While the rally has been driven primarily by the nation's high-yield blue-chip stocks, a number of other blue-chips have been left behind. Here's a look at three worth considering.
- BHP Billiton Limited (ASX: BHP)
Since nearly breaching the $40 mark late last year, shares of BHP Billiton have been on a downward spiral caused by heavy falls in its two most important commodities. Iron ore and oil prices have been hammered over the last year, putting the miner's earnings and cash flows under enormous strain. This also impacted its ability to initiate a widely-anticipated share buyback program which saw its shares sold off heavily.
Given its low cost base and high level of diversification, BHP Billiton remains one of the safest mining stocks on the market and it is certainly tempting at today's price of $32.12. However, iron ore and oil prices will likely remain volatile for some time yet, making BHP Billiton a risky play. While its long-term potential is still impressive, investors may want to hold onto their existing shares but hold off from buying any more, for now.
- Washington H. Soul Pattinson and Co. Ltd (ASX: SOL)
Washington H. Soul Pattinson and Co., commonly known as Soul Patts, is often seen as Australia's Berkshire Hathaway – the US investment conglomerate headed by Warren Buffett. While it is substantially smaller, it bares similarities in that it is run by a world-class management team; and it approaches its investments with an ultra-long-term mindset.
Its shares have been weighed down in recent years by its investment in coal producer New Hope Corporation Limited (ASX: NHC), but its various other investments in companies such as TPG Telecom Ltd (ASX: TPM) and Brickworks Limited (ASX: BKW) bode well for the future. Historically, the stock has outperformed the benchmark index and I expect that to continue over the coming decades, making Soul Patts seem like a reasonable buy today.

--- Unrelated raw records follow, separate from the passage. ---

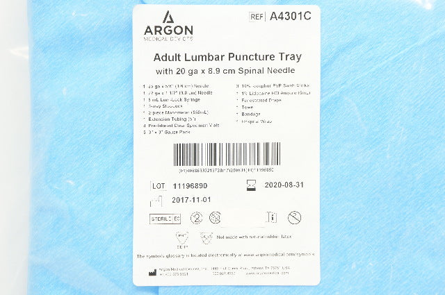 - Argon A4301C Adult Lumbar Puncture Tray w/Spinal Ndle 20 ga x 8.9 cm (x)
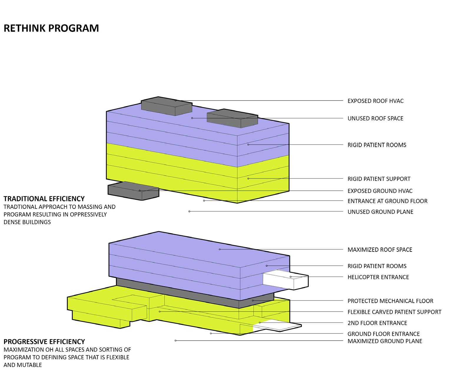 down; three entry points at ground level, the second-story bridge, and the helipad; and greatly reduced energy loads, which allow the building to operate much longer on solar power than a typical hospital could. High performance, right-sized mechanical systems are located on a protected floor instead of exposed on a rooftop. The resulting concept allows 50% more natural light and reduces energy use by 50% over a typical hospital design.
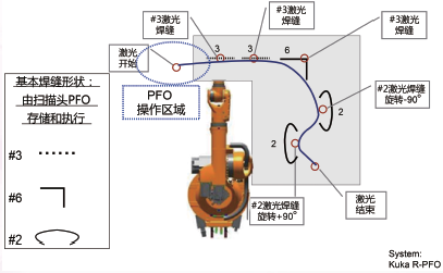 除了激光拼焊,激光飛行焊也已經(jīng)被廣泛應(yīng)用于汽車(chē)車(chē)身及其他零部件的焊接。激光飛行焊是將振鏡焊接頭與機(jī)器人的運(yùn)動(dòng)結(jié)合起來(lái),實(shí)現(xiàn)高效靈活的激光焊接。振鏡(PFO)及飛行焊的原理見(jiàn)圖4、5、6。其中PFO可以通過(guò)兩片鏡片的旋轉(zhuǎn),實(shí)現(xiàn)激光焦點(diǎn)在工件上的快速靈活移動(dòng)和定位,可以大大提供激光焊接時(shí)的動(dòng)態(tài)性能,更加高效。而機(jī)器人則可以擴(kuò)展焊接范圍,以實(shí)現(xiàn)更大零件的焊接。兩者的結(jié)合,則可以實(shí)現(xiàn)優(yōu)勢(shì)互補(bǔ),達(dá)到高效、靈活、低成本的激光焊接。
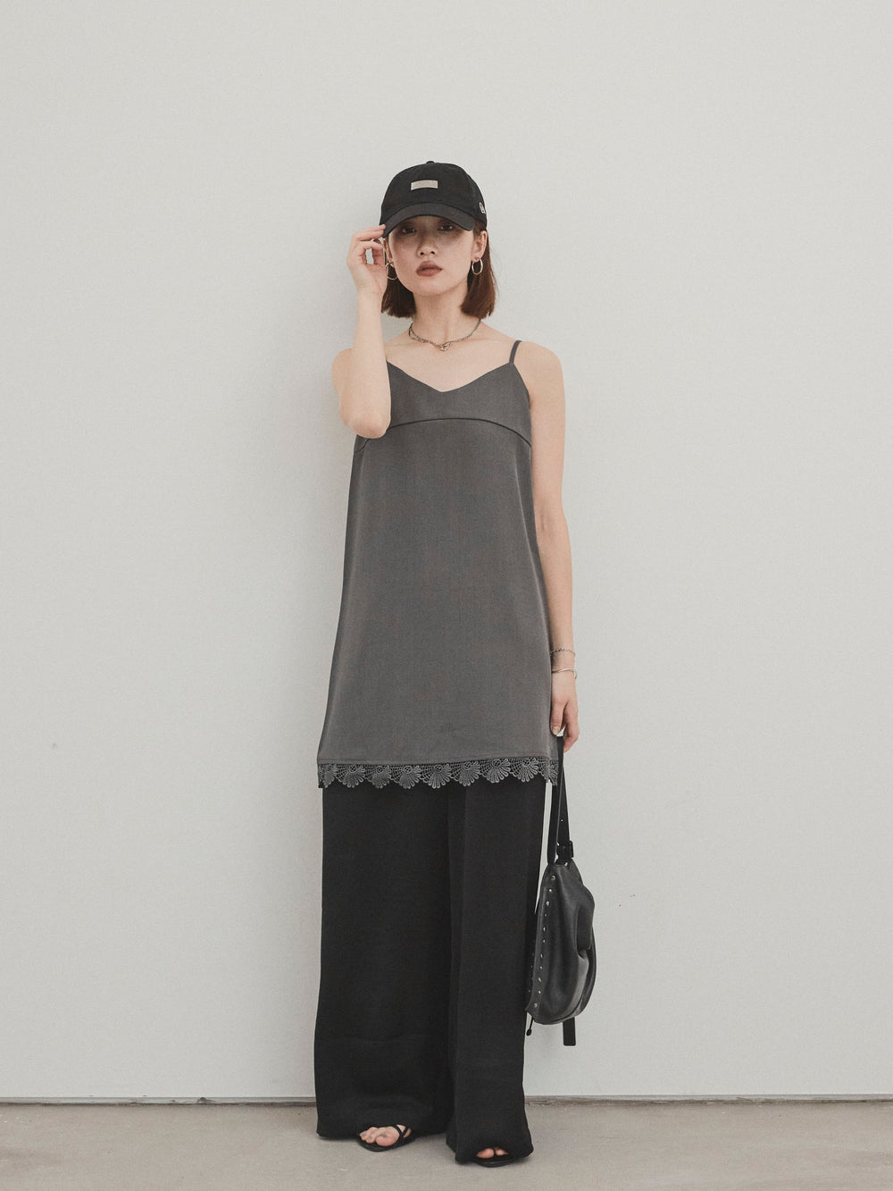 [予約]裾レース切替キャミミニワンピース/グレー

- Woolworths Limited (ASX: WOW)
A disappointing half-year earnings report capped off what has been a poor year for the supermarket behemoth whose shares have plummeted almost 19% over the last 12 months. Investors are concerned about slowing earnings growth as well as the competitive threat posed by Aldi and Costco.
However, Woolworths is actually presenting as a reasonable buy for long-term investors. Not only is it one of Australia's strongest and most consistent corporations, it also offers a compelling dividend. At today's price of $29.85, the stock trades on a forecast fully franked yield of 4.7% or 6.7% when grossed up for franking credits!